14.7 Model 2 Configuration Example

In the example network the two longest paths are between DTE 1 and DTE 2, and between DTE 1 and the switching hub. DTE 1 must go through two repeaters and two 100 meter segments as well as a five meter inter-repeater segment to reach either DTE 2 or the switching hub. The switching hub is considered just another DTE as far as the configuration guidelines are concerned. Both of these paths in the network are the same, so we will evaluate one of them as the worst-case path. Let's assume that all three segments are 100BASE-TX segments, based on Category 5 cables.

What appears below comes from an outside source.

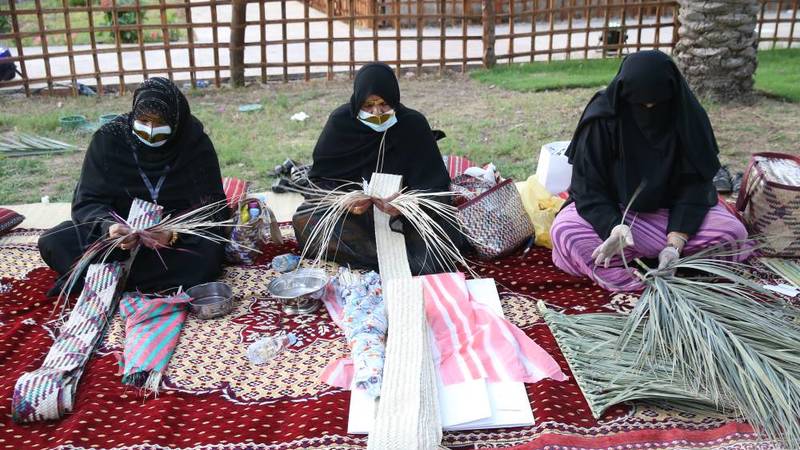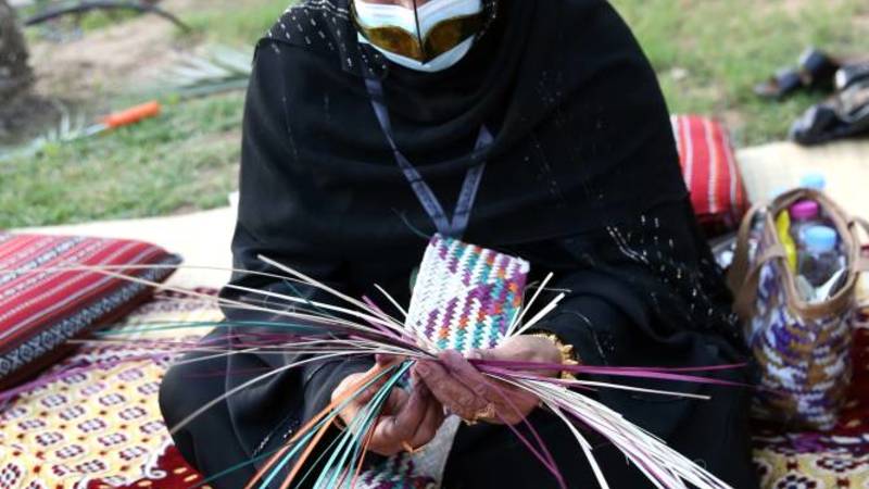 من الفجيرة جاءت عائشة عبيد سالم الكعبي إلى قلب الشارقة، حيث تتواصل أيامها التراثية، حاملة معداتها وخبرتها الطويلة في هذه الحرفة التي لاتزال تمارسها إلى يومنا هذا، فتجدل الخوص بطريقة تشبه الضفائر المتلاصقة التي عملت على تصميمها على شكل شرائط طويلة جداً، تجمعها فيما بعد مع بعضها لتشكل منها حصيراً كبير الحجم.

By looking up the Max Delay value in Table 14.2 for a Category 5 segment, we find 111.2 bit times.

To find the delay of the 5 meter inter-repeater segment we multiply the round trip Delay per Meter for Category 5 cable (1.112) times the length of the segment in meters (5) and end up with 1.112 x 5 = 5.56 bit times for the round trip delay. Now that we know the segment round trip delay values, we can complete the evaluation by following the steps for calculating the total round trip delay for the worst-case path.

TABLE 14.5

Round trip delay for sample network using default timing values

To calculate the total round-trip delay we use the delay times for DTEs and repeaters found in Table 14.2. As you can see, the total round trip path delay value for the sample network is 511.96 bit times when using Category 5 cable. This is less than the maximum of 512 bit times allowed, which means that the network passes the test for round-trip delay. Note, however, that there is no margin of up to 4 bit times provided in this calculation. The bit time values we used were all from Table 14.2, which provides worst-case values that you can use if you don't know what the actual cable values, repeater timing, or DTE timing is.

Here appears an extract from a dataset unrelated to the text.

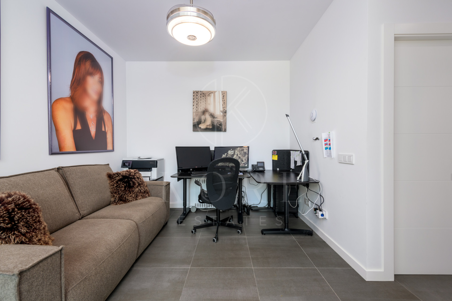 El primer piso alberga tres dormitorios adicionales, cada uno con su propio baño en suite. Particularmente especial es el dormitorio principal, situado en el centro de la casa y con dos amplias terrazas orientadas al sur y al este, lo que permite disfrutar de impresionantes amaneceres y atardeceres.

On the other hand, let's see what happens if we work this example again, using actual cable specifications provided by a vendor. Let's assume that the Category 5 cable is AT&T type 1061 cable, a non-plenum cable which has an NVP of 70% as shown in Table 14.4. If we look up that speed in Table 14.3, we find that a cable with a speed of 0.7 is rated at 0.477 bit times per meter. The round trip bit time will be twice that, or 0.954 bit times. The timing for 100 meters will therefore be 95.4 bit times, and for 5 meters it will be 4.77 bit times. Let's see how things add up using these different cable values.

TABLE 14.6

Round trip delay for sample network using vendor timing for cable

As you can see, when real-world cable values are used instead of the worst-case default values in Table 14.2 there is enough timing left to provide for 4 bit times of margin while still meeting the goal of 512 with bit times to spare.